**Stored data entries**.

__________

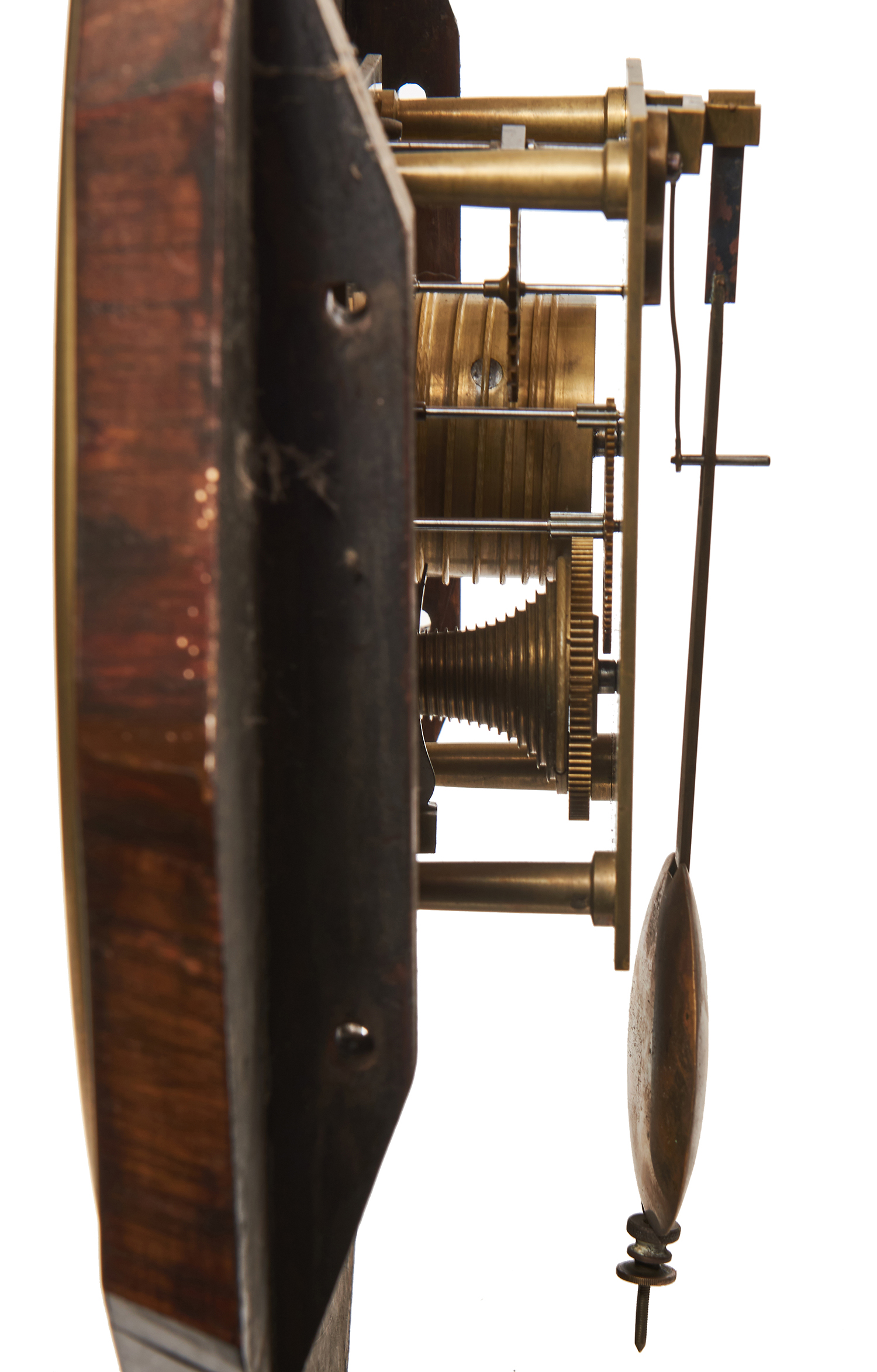 Twelve sided mahogany case with rectangular box behind secured to the bezel with four tapered wooden pegs. Circular 30.5 cm diameter painted dial with Roman numerals, and signed Cutmore- St Ann's Lane St Martin's Le Grand- City. Winding hole below centre arbour, anchor escapement with heavy flattened brass pendulum. Eight day gong.
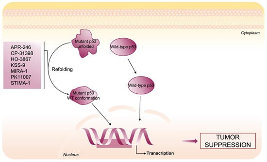 - Bullock, A.N.; Fersht, A.R. Rescuing the function of mutant p53. Nat. Rev. Cancer 2001, 1, 68–76. [Google Scholar] [CrossRef]
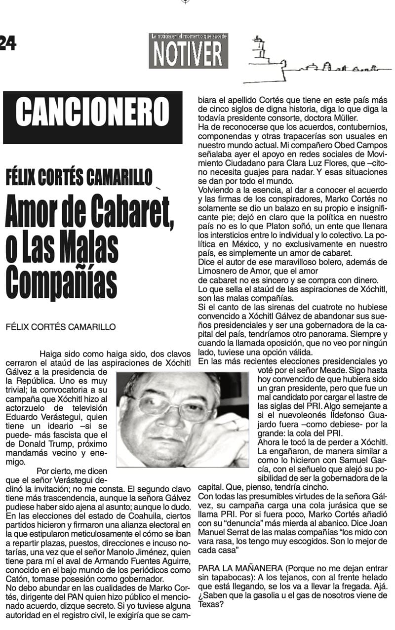 LAS COLUMNAS CANCIONERO -AMOR DE CABARET, O LAS MALAS COMPAÑÍAS... AMOR DE CABARET, O LAS MALAS COMPAÑÍAS... 16 enero 2024 Más Noticias SIN TACTO | ORDEN EN LA LEGISLATURA - Una vez que fueron domados los efluvios principescos de las viudas de Cuitláhuac que consiguieron seguir untadas en la ubre presupuestal en este sexenio, la Legislatura ha proseguido el camino de la buena... A MIL POR HORA | - **Filosofía popular **Frasecitas célebres **Ángel de la guarda **La huella de Nahle... TEXTO IRREVERENTE | BIEN CUMPLIDORA - Nadie, absolutamente nadie, puede acusar al exalcalde de Pánuco, Oscar Guzmán de Paz, de ser un mero fanfarrón pues lo que contaba en las cantinas y comilonas resultó cierto: la gobernante Rocío Nahle “se la... ACERTIJOS | ELEMENTAL MI QUERIDO ROMO - Cuando se desarrollaba la contienda entre AMLO y Anaya y los del PRI y amigos que le acompañaban. La contienda se veía apretada. Ricardo Anaya repuntaba pese al riqui-riquin-canallín-, pero Peña Nieto... CANCIONERO | LA PAZ MÁS FRÁGIL - Noventa minutos antes de que se venciera el plazo perentorio que Donald Trump le había fijado a Irán, para lanzar en su contra una ofensiva devastadora sobre sus puentes y plantas eléctricas, el presidente... TEXTO IRREVERENTE | SIEMPRE FLOTA - “Lo bofo siempre flota”, se dice aunque no es el adagio original ya que se tomó de la física, concretamente del Principio de Arquímedes que estipula que “todo cuerpo total o parcialmente sumergido en un... ACERTIJOS | EL PARIENTE ARQUITECTO - Es un primo muy querido. Hijo del jalapeño arquitecto Hermas Haaz Pavón, hermano de mi padre Enrique. Desde chicos nos tratamos, trato de presumir a la familia pues fue y es un arquitecto renombrado y jubilado… DE MÉDICO, POETA Y…. | EL IMSS NO ES EL ENEMIGO” - "Mientras en redes se lanzan insultos y memes contra el IMSS, en los pasillos del hospital aún suenan los monitores, los gritos de urgencia y el eco de quienes pelean por mantener con vida a desconocidos… CANCIONERO | YA LLEGÓ, YA ESTÁ AQUÍ - Cuál más cuál menos, todos tenemos en estos tiempos un gusanito en la oreja cuando la plática entra en los terrenos de la inteligencia artificial. Hay tantos criterios encontrados sobre esta herramienta, como… SIN TACTO | SOLO Y SÓLO /2 - Decía ayer que la Real Academia Española de la Lengua, fundada en 1713 por el marqués de Villena, ha hecho mucho y poco por el idioma. Mucho, porque ha conseguido parcialmente que nuestra grafía...
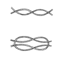 3. Снова перевейте оба конца от себя. Обе нити справа должны находиться над петлей узла, а слева – под петлей узла.
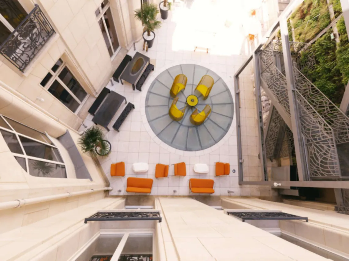 The decoration designed by WeWork is a tribute to Haute-Couture and particularly to that of Yves Saint Laurent. The terracotta clay of the gardens, the painted blue concrete with bursts of yellow, the greenery of the palms and cacti plants; All these colours and materials reference those that the couturier loved in the Jardins Majorelles in Marrakesh, Morocco and have been incorporated into the interiors of WeWork Champs-Élysées.

__________

**Problem description**.
Quote the records above exactly, from the first line through the line containing "- Bullock, A.N.;", and leave out the pictures.

**Solution to this exercise**.
 Twelve sided mahogany case with rectangular box behind secured to the bezel with four tapered wooden pegs. Circular 30.5 cm diameter painted dial with Roman numerals, and signed Cutmore- St Ann's Lane St Martin's Le Grand- City. Winding hole below centre arbour, anchor escapement with heavy flattened brass pendulum. Eight day gong.
 - Bullock, A.N.; Fersht, A.R. Rescuing the function of mutant p53. Nat. Rev. Cancer 2001, 1, 68–76. [Google Scholar] [CrossRef]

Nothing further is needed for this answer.